Movistar Fútbol
- Country: Spain
- Broadcast area: Spain
- Network: Movistar+
- Headquarters: Madrid, Spain

Programming
- Language(s): Spanish
- Picture format: 576p25 (SDTV 16:9) 1080i (HDTV)

Ownership
- Owner: Telefónica

History
- Launched: 21 July 2003
- Closed: 12 May 2019 (cable providers) 7 August 2019 (Movistar+)
- Former names: Canal+ Fútbol (2007-2016), Canal+ Deporte 1 (2003-2007)

Links
- Website: Fútbol Movistar

= Movistar Fútbol =

Movistar Fútbol was a paid Spanish television channel owned by Telefónica, which broadcast matches from two of the five major European leagues: Serie A and Ligue 1. It was available exclusively on Movistar+, and had two other auxiliary signals (Movistar Fútbol 1-2), for matches played simultaneously.

== History ==
The channel began broadcasting on February 1, 2007, replacing "Canal + Deportes 1". The channel was dedicated exclusively to football, and began broadcasting matches of some of the major, as well as qualifying, matches for the final stages of UEFA selections. On 1 August 2016 the channel was renamed "Movistar Fútbol". The substitution of the Canal+ brand was framed within the transition in the visual identity of the channels of the Movistar+ platform.

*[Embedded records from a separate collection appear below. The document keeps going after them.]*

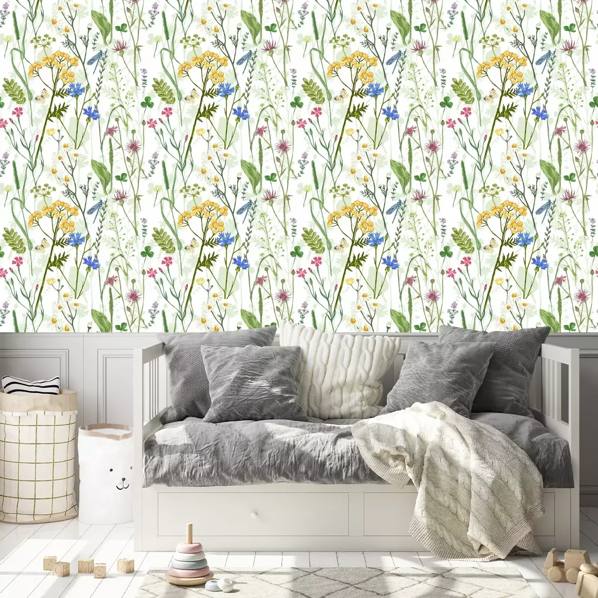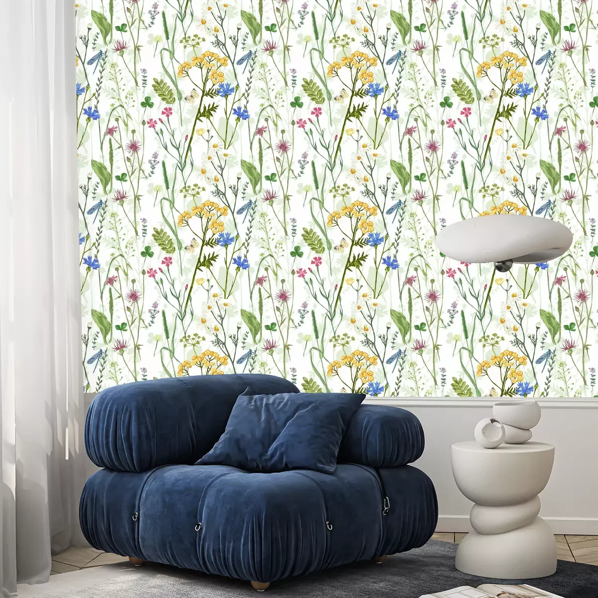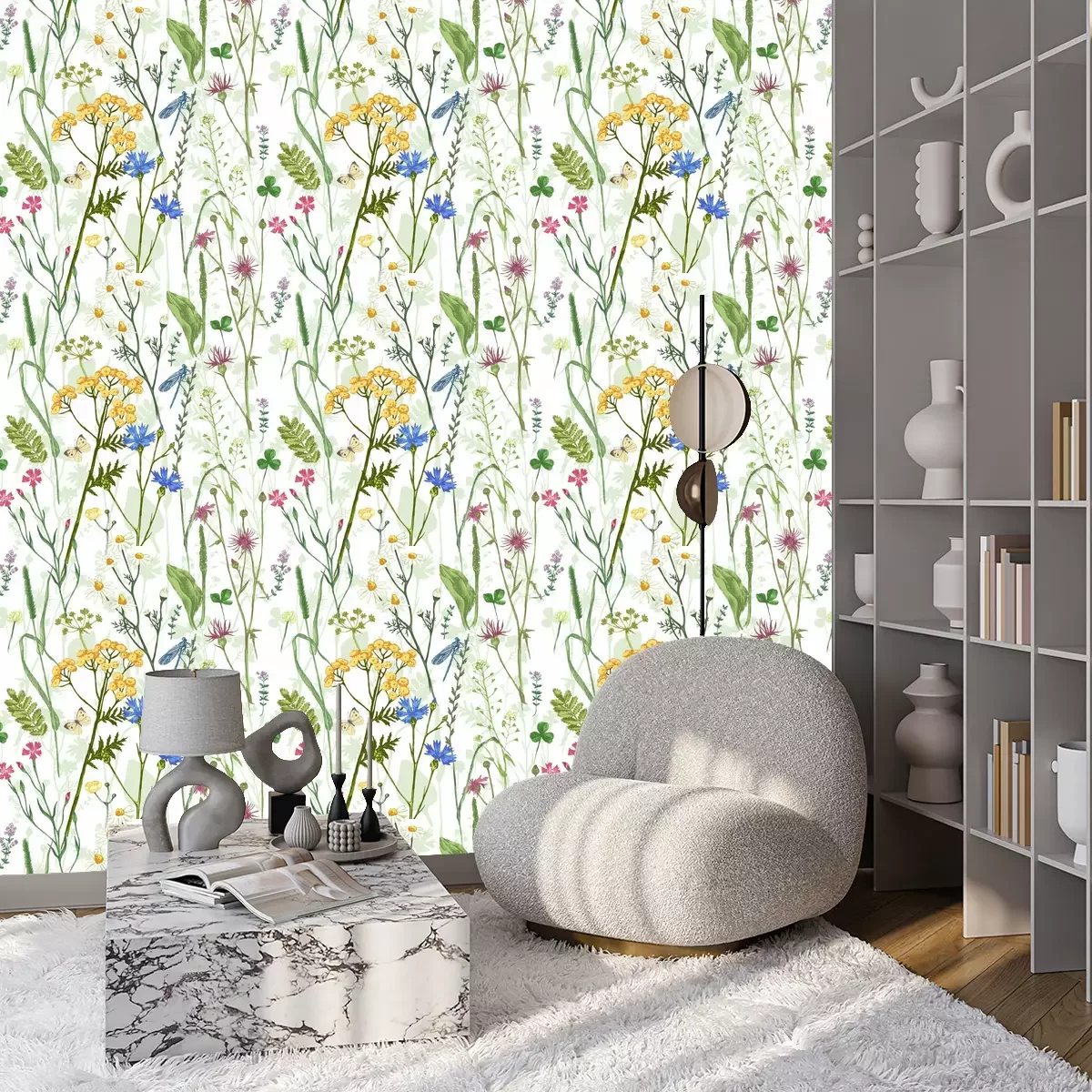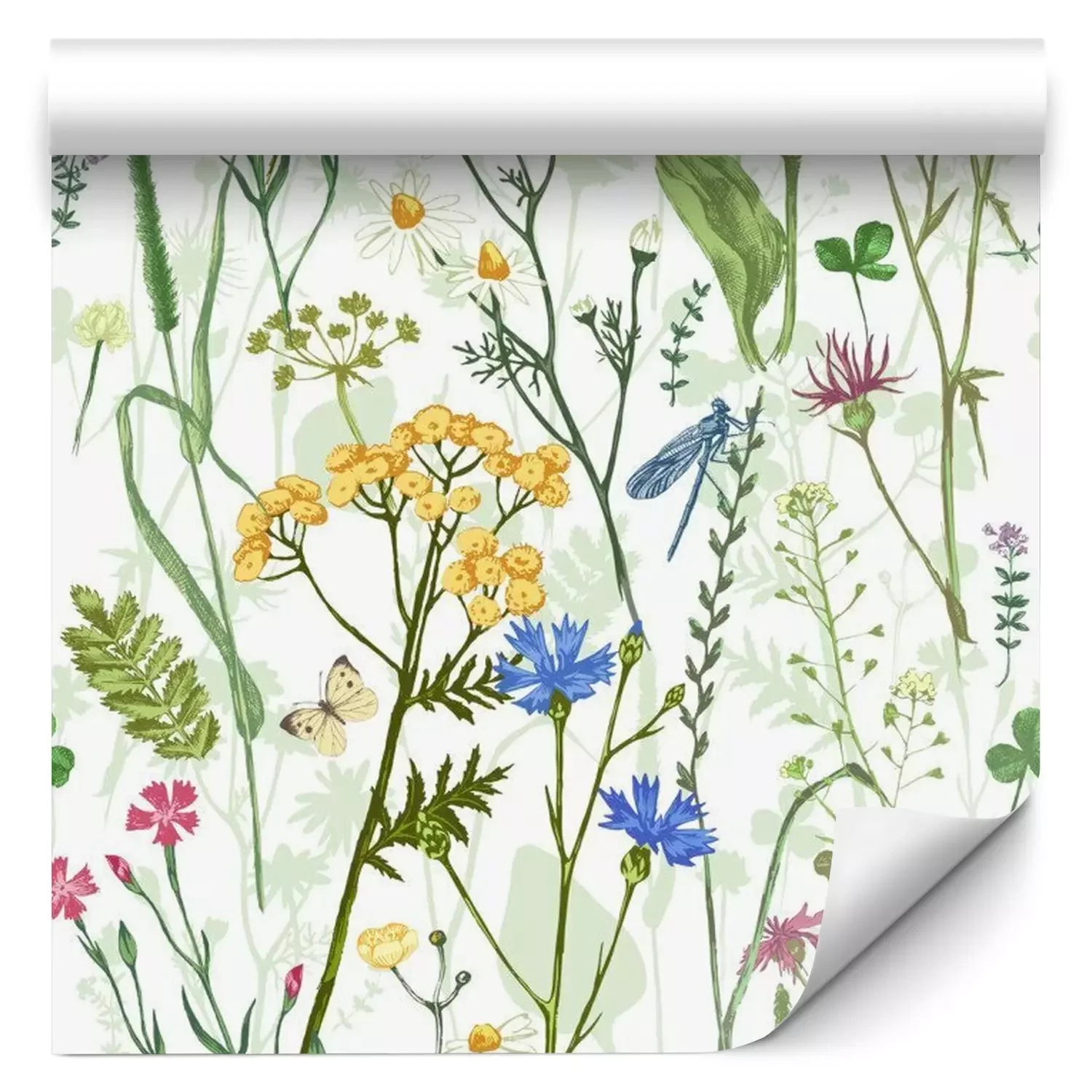 Tapete Schmetterlinge und Libellen auf einer Blumenwiese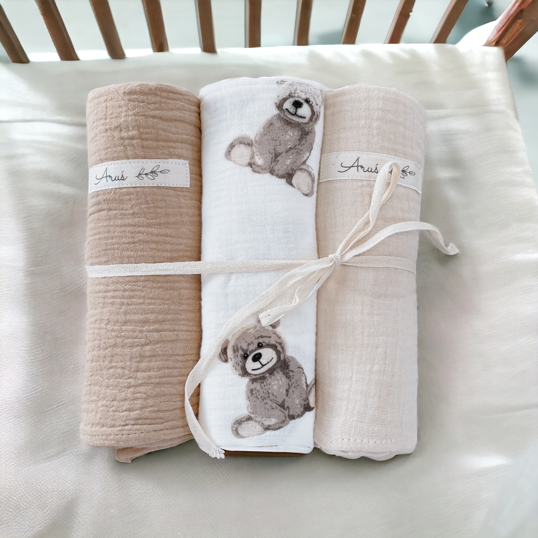 Świetnie sprawdzą się jako okrycie podczas karmienia piersią czy podkład na ramię rodzica chroniący ubranie przed ulewaniem.
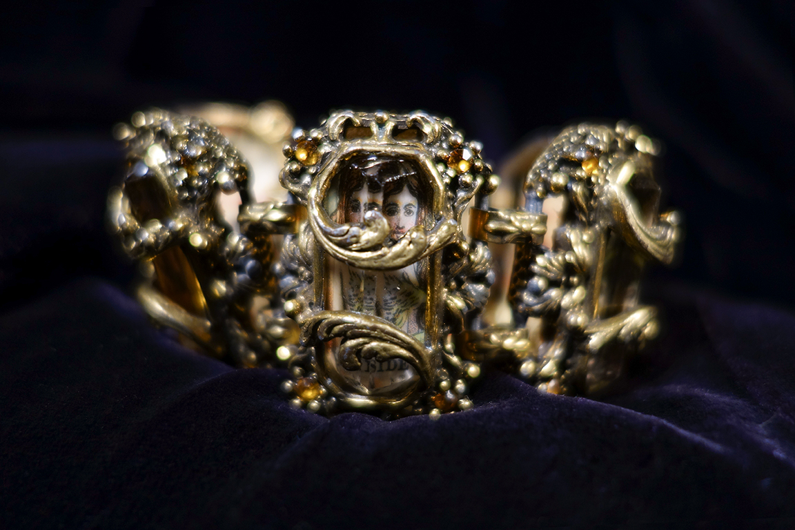 Bracelet: 7 1/8 x 1 1/2 x 5/8” (10.8 x 4 x 1.5cm) Vintage costume bracelet, early 18th-century French chandelier crystal, 1890s Royal Vienna painted porcelain plate fragments, 1746 music paper, 19th-century color lithographs, paper, text, soil. Click image to view detail |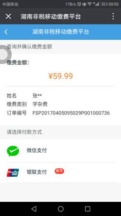 为方便家长用自己的银行卡为学生缴纳学杂费,本系统设置“微信支付”和“银联支付”为学生缴纳学杂费,各大银行银联卡银都可以进行“银联支付”,不用开通网银,不收取手续费;请缴费时一定要注意检查缴费人的姓名、身份证号码等信息,一旦发现不符立刻停止网上缴费流程,并使用其他缴费方式进行缴费,开学报到后到学校报到收费现场办理更改手续。
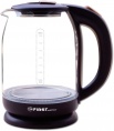 Мощность 1500 Вт, максимальный объем 1.8 литра, скрытый нагревательный элемент, поворачивающийся на 360° корпус, шкала уровня воды, автоматическое отключение при закипании воды, отключение при отсутствии воды, корпус из экологического термостойкого стекла, внутренняя подсветка корпуса, место для хранения шнура, цвет: черный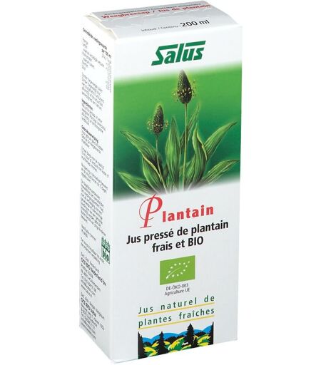 Complément alimentaire à utiliser dans le cadre d’une alimentation variée, équilibrée, d’un mode de vie sain.Excellent adoucissant des voies respiratoires, le plantain est une plante traditionnelle utilisée en cas d’irritation des muqueuses qui tapissent la gorge et le pharynx.Doux et agréable au goût, le suc de plantain aide à faciliter la respiration et à lutter contre les picotements de la gorge. Il a donc tout naturellement trouvé sa place parmi les alternatives naturelles pour enfants.BioSans alcoolSans sucreSans conservateurSans colorantComposition:Suc de plantain (Plantago lanceolata / partie aérienne) tiré de la plante fraîche issue de l’agriculture biologique.Valeur nutritionnelle: Par 100 mlÉnergie29 kJ / 7 kcalGraisses dont acides gras saturés< 0,5 g< 0,1 gGlucides dont sucres 1,5 g1,5 gProtéines< 0,5 gSel0,01 gConseil d'utilisation:3 fois par jour avant les repas, 10 ml dans de l’eau ou du jus de fruits. Bien agiter avant emploi. Utiliser le gobelet-doseur joint. Précautions d'emploi:Une fois le flacon entamé, conserver au réfrigérateur et consommer le contenu dans les 15 jours. Ne pas dépasser la dose journalière recommandée. Conserver hors de la portée des enfants.Poids net:200 mlFabricant:Walther SchoenenbergerPflanzensaftwerkGmbH & Co. KGD-71106 MagstadtAllemagne ...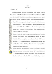 > 0,227 sehingga dapat dikatakan bahwa seluruh item pernyataan valid. Pada uji Reliabilitas didapatkan bahwa semua variabel memiliki nilai Cronbach's Alpha > 0,50 sehingga dapat disimpulkan bahwa seluruh variabel yang ada dalam penelitian ini reliabel dan dapat digunakan. Pada uji Multikolinearitas memiliki nilai Tolerance lebih dari 0,1 dan VIF kurang dari 10 sehingga dapat dikatakan bahwa dalam model regresi ini tidak terjadi masalah multikoliniearitas. Pada uji Heteroskesdasitas didapat bahwa semua variabel memiliki nilai absolut residual lebih besar dari 0.05, sehingga dapat disimpulkan bahwa tidak terjadi masalah heteroskedastisitas pada model regresi ini. Pada uji Normalitas dapat dilihat bahwa Tampilan grafik normal probability plot disimpulkan pola distribusi pada grafik normal probability plot terlihat titik-titik menyebar disekitar garis diagonal, serta penyebarannya mendekati dan mengikuti arah garis diagonal, sehingga memenuhi asumsi normalitas. Pada uji Regresi Linear Berganda ditemukan model persamaan regresi yaitu : Y = 0.088 + 0.139X1 + 0.157X2 + 0.301X3. Uji Koefisien Determinan didapatkan bahwa hasil penelitian Adjusted R Square sebesar 0.555 atau 55.5%. Pada Uji t didapatkan hasil penelitian variabel Harga (X1) = thitung (1.321) < ttabel (1.993) dengan tingkat signifikan (0.191 > 0.05) yang artinya Harga tidak berengaruh signfikan terhadap Keputusan Pembelian, variabel Kualitas Produk (X2) = thitung (1.930) < ttabel (1.993) dengan tingkat signifikan (0.058 < 0.05) yang artinya Kualitas Produk tidak berengaruh signifikan terhadap Keputusan Pembelian, variabel Kualitas Pelayanan (X3) = thitung (5.087) < ttabel (1.993) dengan tingkat signifikan (0.000 < 0.05) yang artinya Kualitas Pelayanan berpengaruh signifikan terhadap Keputusan Pembelian. Kesimpulan bahwa Kualitas Produk dan Kualitas Pelayanan berpengaruh terhadap Keputusan Pembelian CCTV merek Hikvision di CV. Eka Media Solusindo Surabaya, sedangkan Harga tidak berpengaruh terhadap Keputusan Pembelian CCTV merek Hikvision di CV. Eka Media Solusindo Surabaya.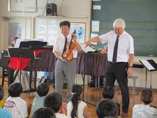 4年生で行われた交響楽団による「アウトリーチ事業」の様子です。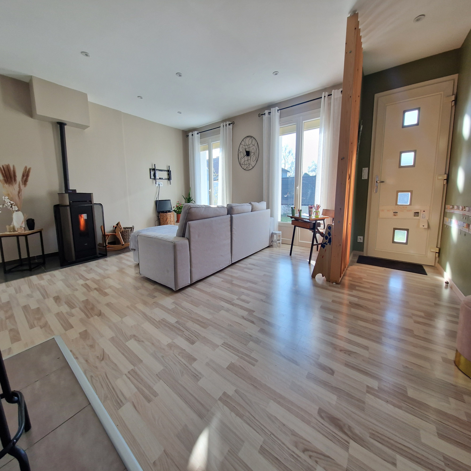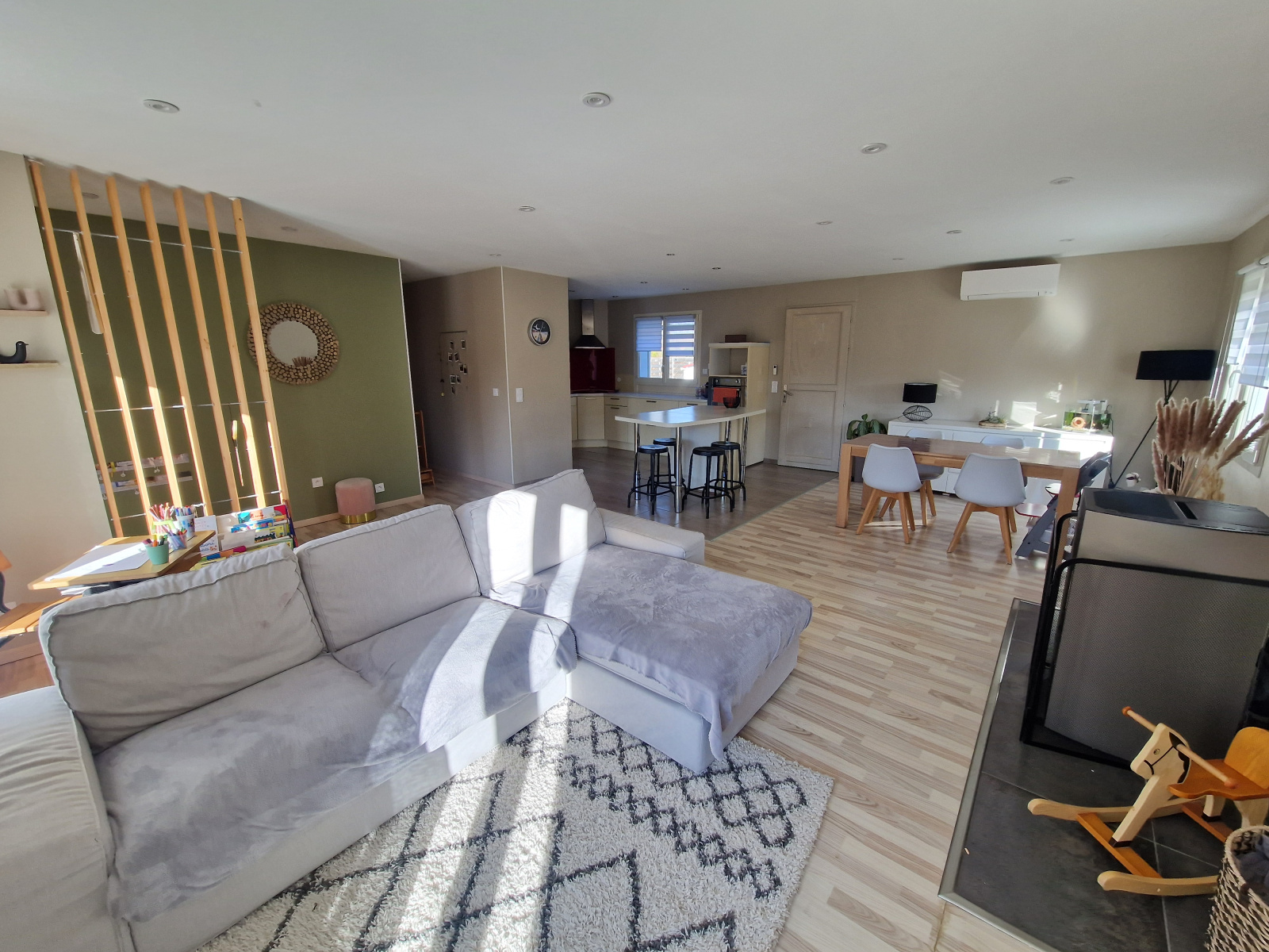 Isolation par l'extérieur, clim réversible et poêle à granulés. Aucun travaux à prévoir !
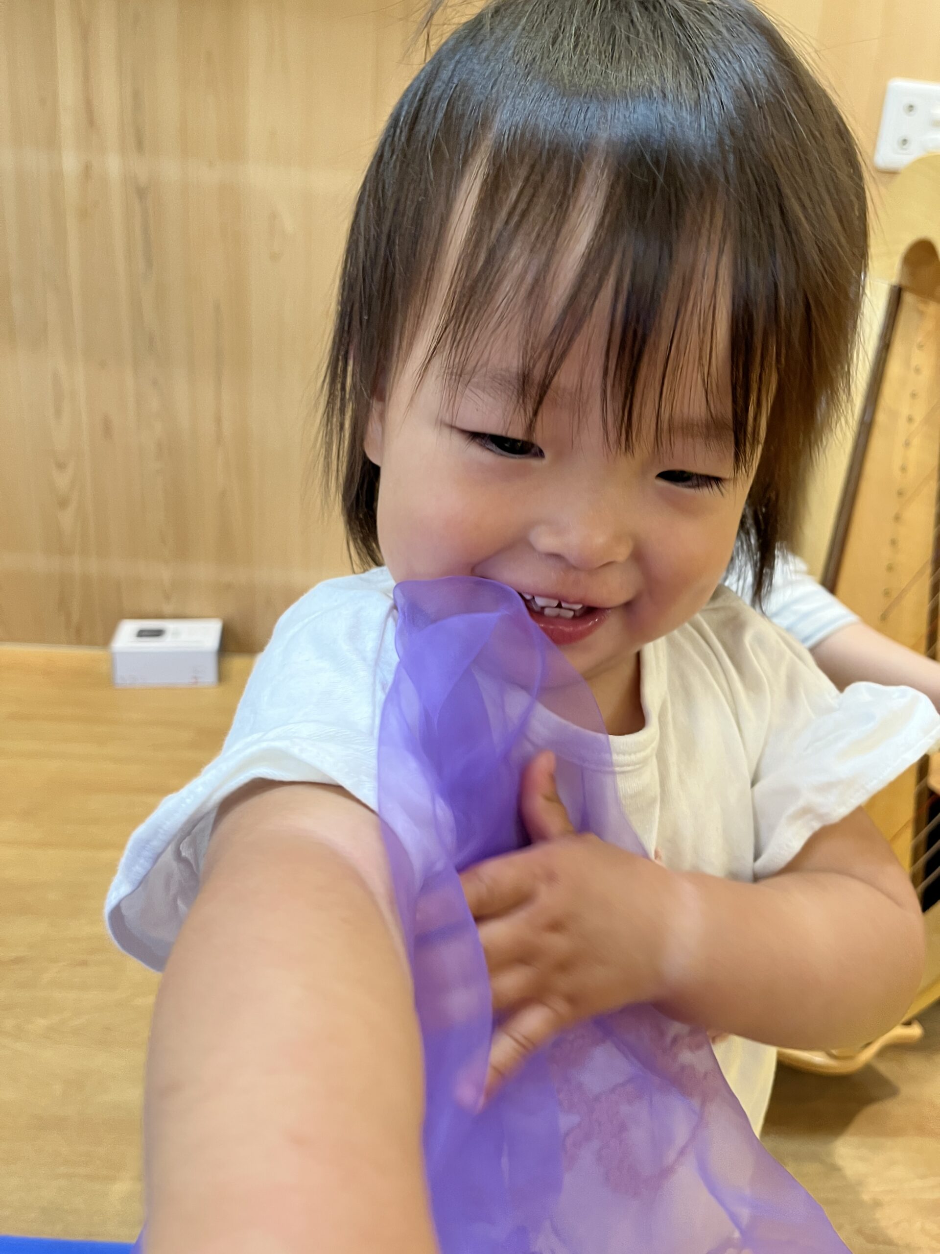 スカーフをふわっと揺らしたり、音楽のリズムに合わせてふわりと投げたりする活動では、風を感じながら「音と動き」のつながりを体験。
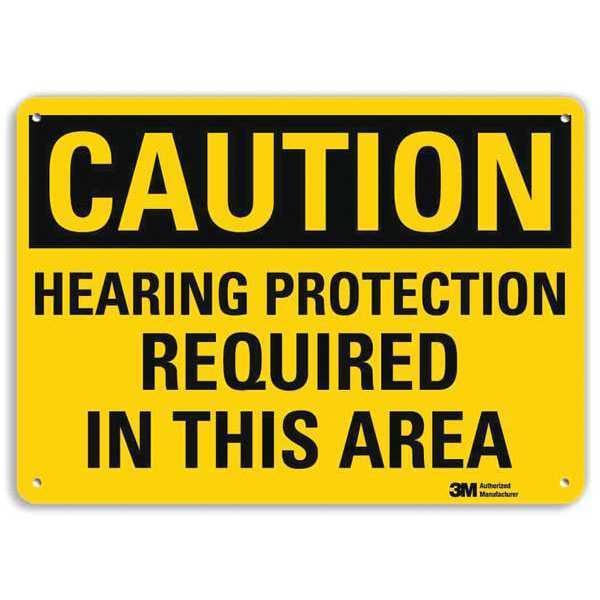 Caution Sign, Vertical Rectangle, Number of Printed Sides 1, English, Sign Format Traditional OSHA, Sign Legend Hearing Protection Required In This Area, Sign Legend Background Color Yellow, Sign Legend Style Text

On 9 August 2018 the channel became exclusive for the non-residential clients of the platform, as a replica of the contents broadcast by the Movistar Liga de Campeones channel for individuals. Mid-season 2018/19, on 7 March 2019, the channel returned to individuals, to cover the Ligue 1 of France and the Italian Serie A, after having acquired the rights of the same to Mediapro. Finally in mid-April 2019, the channel stopped broadcasting disappearing weeks later on IPTV and on 10 May 2019 on satellite, moving its content to #Vamos and Movistar Liga de Campeones and its auxiliary signals. Movistar Fútbol was closed officially on 7 August 2019.